The man looked at her, another odd glint in his eye, and then back to the Turian.

"She doesn't want to go with you," he said, "and I don't think I want her to either, given all I've. I suggest you leave before you get hurt."

The statement was so blunt and yet so ridiculous that the lead Turian gave a wild laugh.

"You seem to think I give a shit, human," he said. "I only wanted to kill the suit rat - but calling an arrogant newcomer bastard like you seems like as much fun..."

He raised his rifle, but before he could finish aiming, Vala moved, using overload on his shields.

Before she or anyone else could do anything else, however, the man had brought his small tool from his bandolier and aimed it at the lead Turian - a moment later, a wave of sonic energy lashed out from the device, knocking all three Turians a good twenty feet away from the man. He had a strange, cold look upon his face, and his body language was stiff and still, like a statue - as if he had reflexively brought the device out and used it. A moment later, he relaxed and lowered the device, before replacing it on his bandolier.

"My apologies," he said to Vala. "I didn't expect it to be so forceful. I'm used to tougher enemies."

"Don't apologise," she replied. "Those bastards had it coming."

"You seem remarkably resourceful," the man pointed out. "I doubt you needed my help."

"I have a few tricks," Vala said. "But without your help I'd have died. Thank you."

The man seemed uncomfortable with her thanks.

"Might I ask your name?" he asked her.

"Vala," she replied. "Vala'Ren nar Arvanna." A moment passed. "What's yours?"

"I am called the Doctor," the man said, a sad smile appearing on his face, "though not for some time now."

"That's just a title," she pointed out. "Don't you have a name?"

He didn't answer, instead taking a moment to hold up his device. It glowed red for a moment, and he clucked his tongue.

"Omega, not the Citadel," he said softly.

"You were going to the Citadel?" Vala asked, surprised. P

"You're a Quarian, pre-reformation," the man - the Doctor - observed, though what pre-reformation meant Vala could not guess. "I imagine then that this is 2184?"

"You mean in Earth years?" Vala asked, frowning behind her mask at the oddness of not knowing the year. "I think it's more like 2180... why?"

"Ah, I'm early then," the Doctor said, turning back to his box. "Thank you for your help, Miss Ren."

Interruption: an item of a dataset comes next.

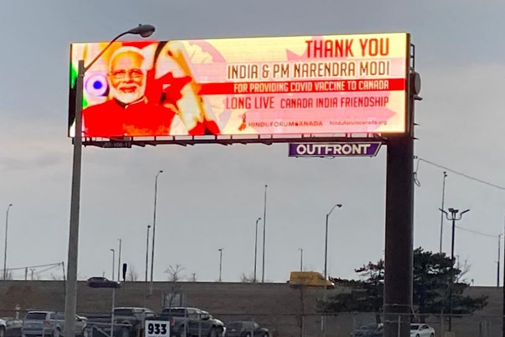 Nearly a week after Canada received 500,000 doses of Covid-19 vaccines from India, a number of billboards thanking Indian Prime Minister Narendra Modi for providing the vaccines have been put up in the Greater Toronto area. On January 20, India provided over 481 lakh doses of vaccines to various countries after it started external supplies of Made-in-India vaccines.

Without another word, he stepped into his box.

"Hey!" Vala said, following him.

A moment later, she stepped out of the box, eyes wide behind her helmet.

"That's impossible," she said softly. "Just impossible."

A moment passed where she scanned the exterior dimensions of the box with her omni tool, and then, confirming the evidence of sanity, she stepped back inside.

Yeah. The hell with sanity.


She reminded him so much of others, to new girl. Of...

"How is this possible?" she asked.

"It's Time Lord science," the man who had been the Doctor replied wearily, flicking switches as he walked. He paused for a moment to look up and see her reaction, almost afraid of...

You're a Time Lord... get away from me!

Look on the bright side, I'm not a Dalek!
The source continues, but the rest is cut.